OLED also has a major advantage over traditional LED LCD TVs. Pixel response time – how long it takes pixels to transition from one color to another – is nearly instantaneous on OLED panels. This doesn’t affect the refresh rate of the panel itself, but it does mean that moving images are significantly clearer on an OLED panel, which can be a huge boost when trying to identify fast-moving images in games with a lot of characters or characters action (think PUBG or Fourteen days).

These faster transitions also result in better responsiveness during gameplay. Using the same PC hardware and Nvidia’s LDAT analysis tools, HDTVTest found that OLED TVs had approximately 10 milliseconds less end-to-end system delay than traditional LED LCD screens. This makes OLED much more suitable for games like Fortnite, Counter Strike, PUBG and all Twitch-based shooters.

But all these advantages come at a price. OLEDs are traditionally more expensive and, due to their lower maximum brightness, are less suitable for rooms with a lot of natural light. Another gripe is image burn-in or burn-in, although the LG display asserts that “Sensible, responsible use of an OLED combined with powerful image preservation capabilities should result in a seamless experience.”

QLED or Quantum Dot Emitting Diode

Image via Samsung

At its core, the Quantum Dot LED (QLED) is basically an extension of existing LCD-LED technology. Rather than creating images in a completely different way than OLED, QLED TVs apply a quantum dot layer over the traditional LED backlight to improve brightness, light absorption and color output.

A few downsides – especially compared to OLEDs – are that QLEDs inherit many of the disadvantages of general LCD technology, including limited contrast ratio, power inefficiency, and slower pixel response times. However, the advantage of the quantum dot layer is that it does not only have to be applied on an LED LCD TV: quantum dot layers can also be used on micro-LED, mini-LED and OLED TVs.

QD-OLED: The best of both worlds

Image via Samsung

So how can you keep all the advantages of OLEDs and QLEDs while improving on their shortcomings? The solution: QD OLED.

Currently, OLED panels generate their light and color starting point with white light. They combine blue and yellow OLED material to create a mixture of pure white light. The red, green and blue components of this spectrum are separated from the white light – this is where a color filter comes into play. Color filters filter colors well, although they reduce brightness in the process.

To overcome the OLED brightness limitation, QD OLED panels emit blue light through a quantum dot layer and split it into three sub-pixels to reproduce the full color spectrum.
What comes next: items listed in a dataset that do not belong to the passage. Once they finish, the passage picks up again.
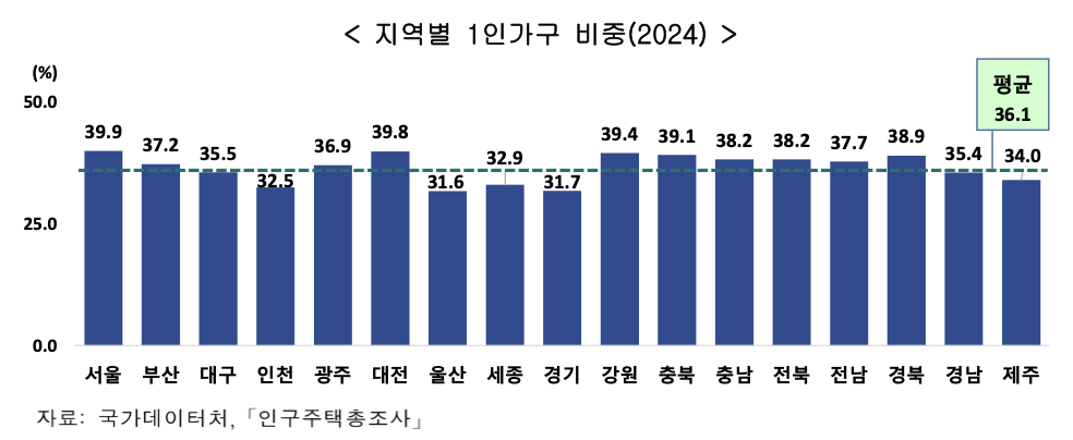 - 🏙️ 전체 가구 중 1인 가구 비율을 지역별로 살펴보면 서울(39.9%)이 가장 높았고요. 대전(39.8%), 강원(39.4%), 충북(39.1%)이 뒤를 이었어요.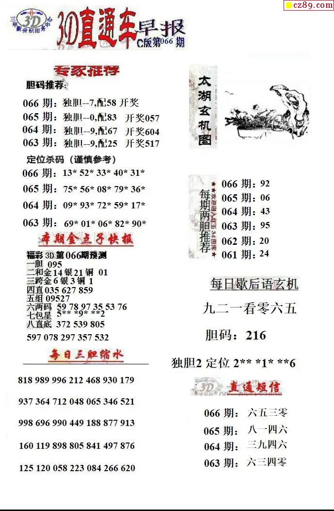 2026066期解太湖3d字图迷汇总报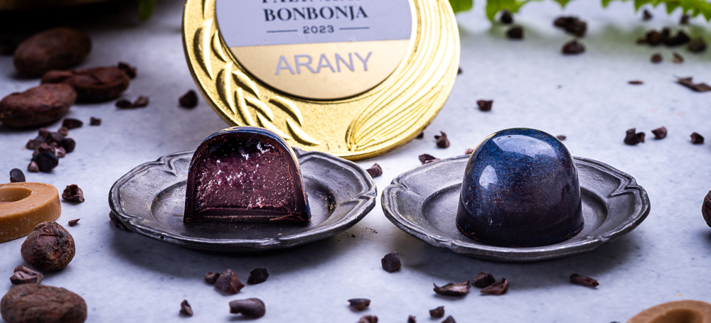 2023 az év pálinkás bonbonja versenyen arany fokozatot elért Kék bogyós szerelem . Áfonya zselé, feketeribizlis csokoládé, fekete berkenye pálinkával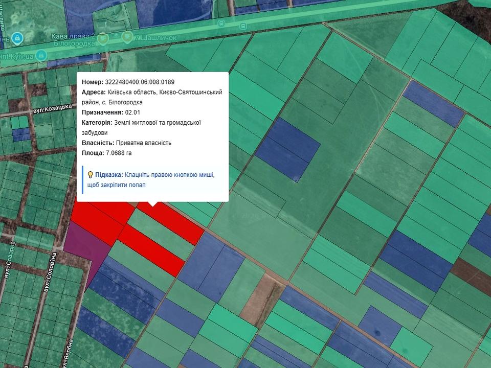 3222480400:06:008:0189 - (7,0939 ГА) 02.01 Для будівництва та обслуговування житлового будинку, господарських будівель та споруд (присадибна ділянка)

This has a whole range of advantages. Since blue is the highest frequency and most powerful light, it is more energy efficient to translate it into multiple colors. (And if you’re replicating blue, no conversion is required at all, saving even more power.) Each individual pixel can still be turned off to reproduce OLED’s perfect black.

The quantum dot layer also helps with QD-OLED color reproduction, especially when it comes to deep reds, golds or other colors that often suffer from saturation issues in existing OLED TVs. And since the technology’s improved efficiency means less power is required to achieve the same level of brightness as previous TVs, it means these newer quantum dot OLEDs should last longer without suffering from burn-in.

When will QD OLEDs be available, how much will they cost?

Image: Samsung

Enthusiasts can expect the highly anticipated QD OLED displays in the first half of 2022, according to South Korean inside sources regarding Samsung Display. Also, Sony was the first company to officially announce one QD OLED model in its master series A95K, so their official release shouldn’t be too far out of reach.

As far as pricing goes, QD OLED TVs are unlikely to come cheap. But since LG Display is the leading maker of OLED displays, Samsung’s rise to the top maker of QD OLED displays should encourage competition, which usually keeps prices lower for consumers. However, any OLED TV will still have a premium, especially in the gaming monitor space where OLEDs have yet to gain a foothold.

Anticipation for QD OLED displays is high, and if it can improve the combined shortcomings of OLED and QLEDs – as it stands, then the future of display technology is bright.